• It’s not an easy time to be a millennial home buyer in Vancouver. Increasingly high prices, low inventory and new mortgage qualification changes have made it a challenging time for young adults to enter the local real estate market.

    Market conditions in Vancouver have millennials feeling “left out” of the idea of home ownership, and have even caused some to consider leaving Vancouver altogether. In a city where home ownership can feel like an impossible dream for twenty- and thirty-somethings, local industry professionals weigh in with their best advice for Vancouver’s millennial cohort.

    Growing housing costs in British Columbia have meant that many in the “peak” millennial age bracket – those currently aged 25 to 30 – who want to buy a home are not able to, according to a provincial survey by Royal LePage released in August 2017.

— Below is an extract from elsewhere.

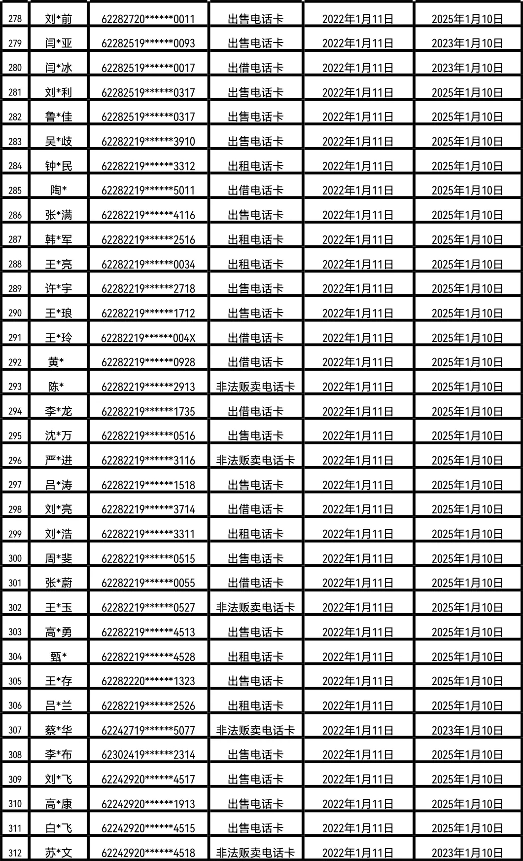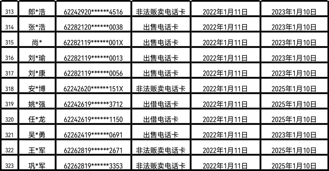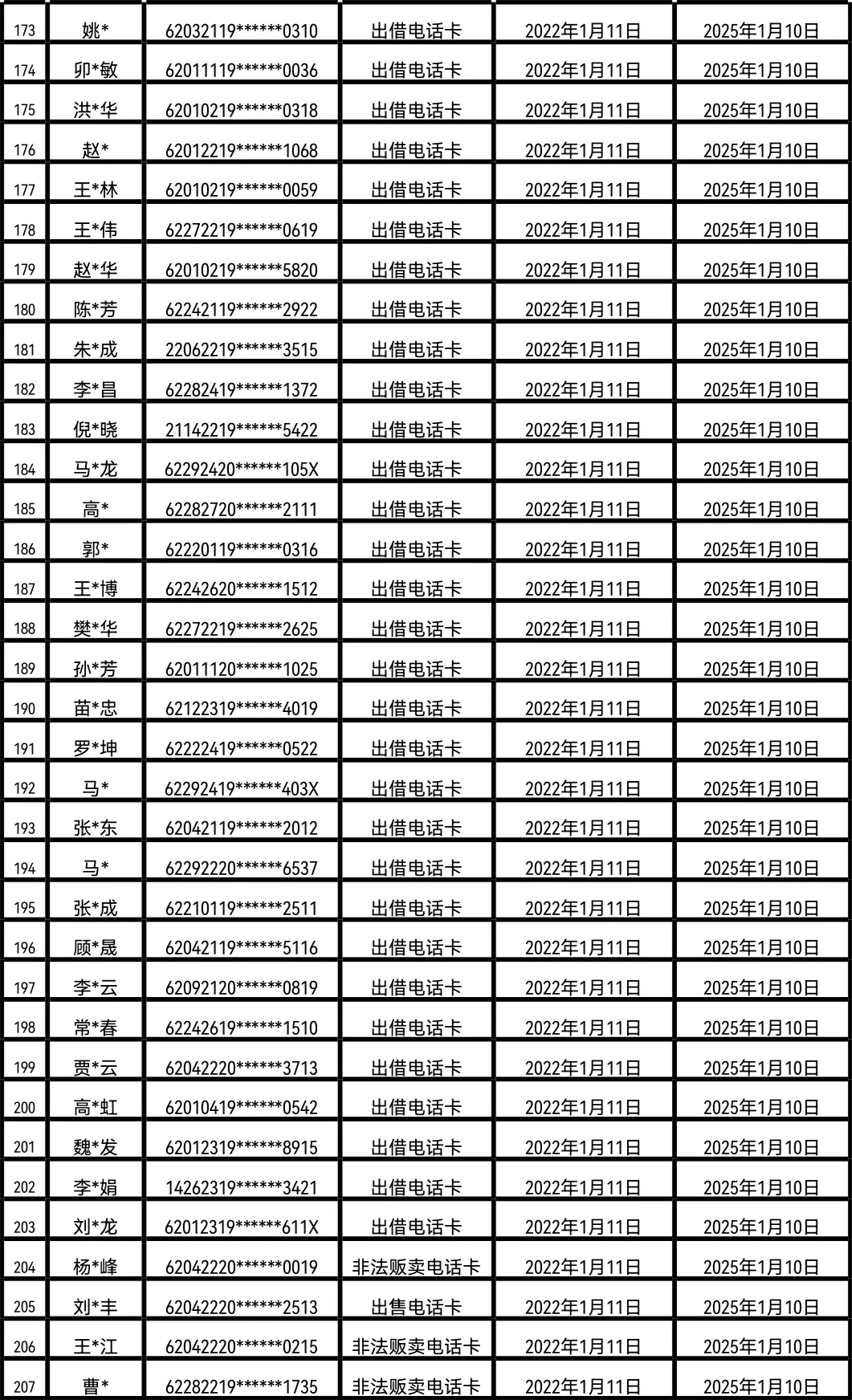 为严厉打击整治非法租借、买卖银行卡、电话卡等违规违法犯罪活动,从源头斩断“两卡”的利益链条,全力压缩电信诈骗灰黑产业生存空间,切实保障人民群众切身利益,1月12日,甘肃省打击治理电信网络新型违法犯罪工作联席会议办公室、甘肃省通信管理局联合公布第三批323名涉嫌电信网络诈骗电话用户,已于近日实施通信业务信用惩戒。

    “Facing challenges their baby-boomer parents never encountered, peak millennials are confronted with significant obstacles that vary depending on where they live,” says Phil Soper, president and CEO of Royal LePage. “While finding employment in our largest urban markets, Toronto and Vancouver, is relatively easy compared with other areas of Canada, buyers face limited inventory and high home values in these regions.”

    Homeownership rates dropping 

    When compared to their baby-boomer parents, millennial buyers are slower to enter the Canadian real estate market, oftentimes opting to rent instead of buy.

    According to 2016 Census data released by Statistics Canada, just over half (50.2 per cent) of millennials who no longer lived with their parents were home owners in 2016, compared with 55.5 per cent of baby boomers back in 1981.

    StatsCan also found that in the Vancouver Census Metropolitan Area (CMA), Vancouver had one of the highest proportion of households (32 per cent) whose housing costs were considered unaffordable – meaning that families were spending 30% of more of their total family income on housing costs. With conditions like these, it’s easy to see why millennials have struggled to navigate Vancouver’s real estate market.

    Mortgage matters

    The federal government introduced a mortgage “stress test” last fall, which came into effect January 1. The test was once applied only to mortgage applicants of insured mortgages (those with less than 20 per cent down), but has now been extended to all mortgage applicants to include uninsured borrowers, who make up a larger portion of the mortgage applicant pool.

    The stress test requires an applicant’s income to qualify them for mortgage repayments at the Bank of Canada’s five-year posted rate – higher than the discounted rate they would pay in reality – to create a buffer against future rate rises and any financial difficulties.

    Some believe that the new stress test is a positive thing for millennial buyers. “Over the last eight or nine years, we’ve become very much used to ultra-low mortgage rates and I think that is changing,” says Barry Magee, a Vancouver-based real estate agent. “We’re going to get more back to a normal level of mortgage rates. If the government is looking out for you and adding that stress test and that extra 2% it’s probably a good thing and something millennials should listen to.”